A sock, I replied. It's easy and fast so I can still pay attention to the workshop. 

A sock! he said. And how long would it take you to just go down and buy one instead of knitting one? 

Well that stumped me a bit. He seemed to be suggesting that time was a factor here. I wasn't knitting a sock because I wanted one quickly. I wasn't even knitting a sock because I had any urgent need for a sock! Though I will someday need a sock and when I do, I'll be glad I have this one. Or it may end up going to someone else, at this point I don't know. I'm knitting a sock because I like to knit. Because I enjoy the craft. Because I far prefer putting on a sock I made than putting on one some factory churned out. 

I tried to articulate that a bit. I pointed out that it felt good to wear a sock I made rather than one made by a factory. That I was more aware of the sockiness of socks because I knew what was involved in the construction. To me it's still something of an astounding bit of history that we humans figured out how to turn one long piece of yarn into something that has a cuff, a perfectly turned heel, and a smoothly grafted toe. I love to knit at least in part because it makes me feel connected to human beings through time and space, it gives me a sense of being grounded and rooted. And it's such an amazingly creative craft. Not that I think we should tear down all factories and force people to knit their own any more than I think everyone needs to write their own code or fix their own cars or sew their own quilts. We each of us have things we find more fascinating than others. The diversity in passion is good!

Well I didn't say all that to my colleague. Just a couple sentences along those lines. 

He nodded. Seemed to get the gist of it. But several hours later he glanced over to see my progress just as I was just about to start the heel flap. 

Well I guess you don't knit those instead of doing laundry, he noted. 

And of course, he's quite right. I don't. I don't knit a pair of socks because I'm too lazy to wash the ones I already own. That would require my going sockless for more days than living in a climate of -14 celcius would make reasonable. Washing socks when I need a clean pair is so much quicker than knitting a whole new set. There is no denying that. 

And again today, just as I finished the first sock only some 20 minutes before the two-day workshop ended, he peered over, looked at my finished sock and said "That still the first one?" 

It was.  One sock during the boring bits of a two-day workshop. Not bad. Especially considering that I didn't think to bring a tapestry needle with me and so had to do the kitchener stitch without one, which I'm sure is no problem for more experienced kitcheners, but this being only my second time kitchenering... 

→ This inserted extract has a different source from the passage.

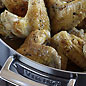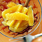 The menu starts with a delicious Chickpea Salad. Three savory small plates follow: Tiny Meatballs in Saffron Sauce, Garlic-Braised Chicken Wings and Shrimp with Romesco Sauce. For dessert, enjoy Oranges in Red Wine Syrup. Recipes: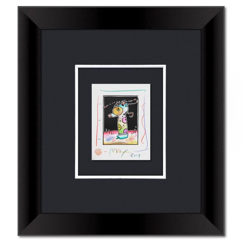"Sage in the Wind" is a one-of-a-kind mixed media on paper, hand signed by Peter Max. The piece comes custom framed with a backside cutout to display Peter Max Studio registration number 339962 certifying authenticity. Measures approximately 23" x 21" (frame), 9" x 7" (image).

I just need to pause here for a minute to say something about my colleague because I don't want anyone to get me wrong. My colleague is a very intelligent, witty, and like-able man. I have nothing against him. He speaks out of a set of assumptions that many others who are just as intelligent and knowledgeable and as like-able as he is... our exchange was light-hearted and I took no offense, though as you can tell, it got me to thinking....


It got me thinking about why I knit, not just socks, but also sweaters, shawls, mittens, hats, scarves, and why I prefer complex cables, and lace, and using multiple colours because I really enjoy the craft of those techniques involve, I especially enjoy watching patterns emerge, seeing something recognizable forming at the end of my needles. As I thought about that I was reminded of how I felt after visiting a museum in Boston that housed some victorian gentleman's collection of scientific apparatus. (I wish I could remember either the name of the museum or the gentleman, but I can't though I will see if I can find out). Each piece, no matter how large or how small, was unique. Each piece represented amazing craftsmanship: beautiful carvings, inlay, stonework. Each piece was not only functional in terms of what it was intended to do, but it was a piece of art in it's own right. Using those tools would bring the handler a double joy: not only were they clearly well-constructed and efficient at the task they were intended to fulfil, but they were beautiful to hold, amazing to look at. They were, to my more modern sensibilities, rather ornate for my taste and even while admiring it I recognized why more streamlined and clean lines became so appealing to us all. 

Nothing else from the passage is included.